ENTERTAINMENT

Bayou Sorrel fire chief removed from post by Parish Administration

TOMMY COMEAUX tcomeaaux@gmail.com
Bayou Sorrel Fire Department station

TOMMY COMEAUX

tommycomeaux@postsouth.com

Iberville Parish administration removed the Bayou Sorrel fire chief because officials believe he falsified records submitted to an agency charged with setting fire insurance rates.

The parish administration released Travis Dupree for what they and Director of Fire and Emergency Services John Marque Jr. believe was filing a false questionnaire to the state’s Property Insurance Association of Louisiana (PIAL).

Parish President Ourso first released the information at the Iberville Parish Council meeting last Tuesday.

“We had an incident where we removed the fire chief,” he told council members. “The fire chief did some actions that were not good for the parish and the residents of the Bayou Sorrel community.”

The allegedly falsified report could increase the fire insurance rating in the Bayou Sorrel area, which now has a rating of 6 on a scale of 1 to 10.

“People’s property fire insurance rating depends on the responses provided to PIAL in that questionnaire,” Ourso said.

Marque reported to Ourso what he believed to be irregularities in a copy of the questionnaire Dupree turned in to PIAL.

“Mitch, I don’t feel good about this questionnaire,” Ourso said Marque told him. “Something is going wrong down there.” The fire district covers a large area in south Iberville Parish in and around Bayou Sorrel.

After investigating the matter and talking to the now former fire chief, Ourso said Marque said he believed the “report had been pencil-whipped.”

Ourso, in an interview Friday, said he did not want to accuse anyone of wrongdoing without proof so he hired an investigator,

“He came back to me and said he believed, in fact, that the questionnaire had been falsified,” Ourso said. “Everybody deserves due process, so that’s why we hired an investigator.”

After receiving the investigator’s report, Ourso said he called PIAL to see if the Bayou Sorrel Fire Department could be given additional time to correct the errant report.

“I have reason to believe that our Bayou Sorrel Fire Department, mainly the fire chief, falsified their questionnaire,” he said.

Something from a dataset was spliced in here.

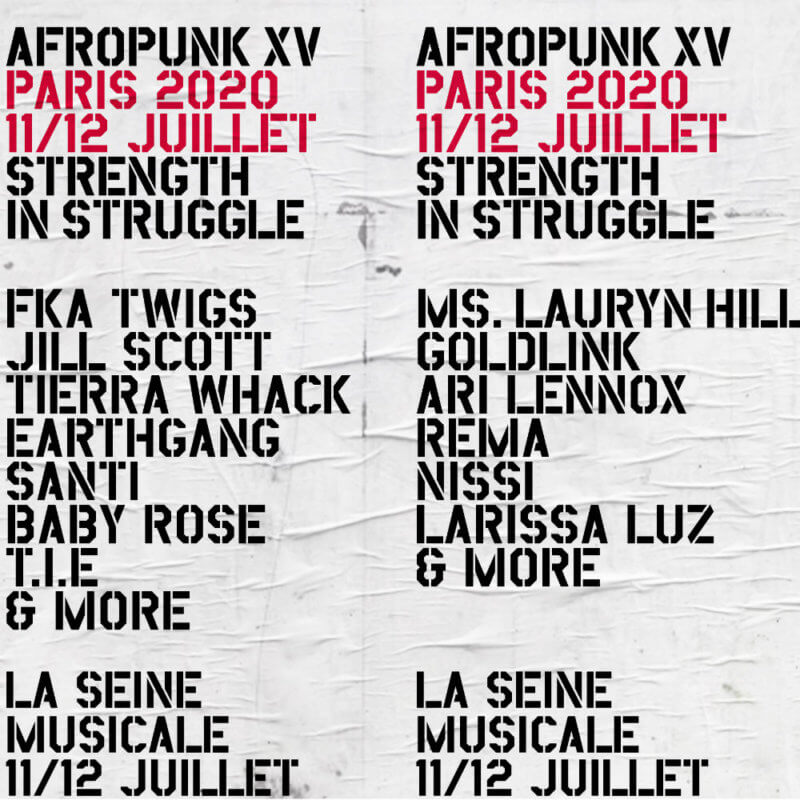 2020 est une année spéciale pour AFROPUNK : elle marquera le 5ème anniversaire d’Afropunk Paris mais aussi le 15ème d’Afropunk au niveau mondial. Et la programmation d’AFROPUNK Paris est à la hauteur de l’événement : Ms. Lauryn Hill, FKA Twigs, Jill Scott, Goldlink, Tierra Whack, Ari Lennox, EarthGang, Rema, Santi, Nissi, Baby Rose, Larissa Luz et T.I.E. sont les premiers artistes confirmés à AFROPUNK PARIS.

While the official he spoke to said he was sorry to hear the report may have been improperly completed, the agency would continue its effort to determine the area’s fire insurance rating at the scheduled time.

“I’m sorry but we have to do our job,” state PIAL Divisional Manager Blaine Rabe’ told Ourso.

“I knew that questionnaire would make it almost impossible for the Bayou Sorrel area to keep its 6 rating and that really bothered me,” Ourso said. “It’s the homeowners who will suffer if the rating gets any higher.”

The next step, the parish president said, was to send a letter to state Fire Marshal Butch Browning’s office to ask for a full investigation into the situation, along with assistance from the Iberville Parish Sheriff’s Office.

When confronted with the evidence from the investigation, Ourso said, Dupree told the sheriff’s and State Fire Marshal’s investigators “I lost the records that backed up my answers on the questionnaire.”

When informed of this, the parish president then asked his chief administrative officer, Edward “Lucky” Songy, to review the findings from the investigation.

“He told me that when that man signed off on that affidavit and mailed it off, he committed a crime,” Ourso said Songy told him. “…This is criminal.”

On the advice of a local justice of the peace, Dupree was charged with filing and maintaining false documentation. “At that time, the Iberville Parish Administration filed a charge against the former chief.”

Ourso said, he then gave the dismissed chief an alternative to being arrested.

“So as to not cause any more harm to his family or the community any further pain – we didn’t really want to handcuff him and put him in jail – so we told him that instead, he could sign a letter apologizing for his actions.”

The letter was mailed to all the residents of the area served by the Bayou Sorrel Fire Department and to each one of the members of the Parish Council.

Appointed as the fire chief for the department is Donald Palermo, Marque said.

“I would like to thank Donald Palermo and the rest of the firefighters in that department for their efforts in this situation and doing the best they can under the circumstances,” Ourso said.

“The chief and the firefighters there have really done a great job to do everything they can to get things back on track,” Marque said.

“For the most part, the volunteer firefighters across the parish do a great job,” Ourso said.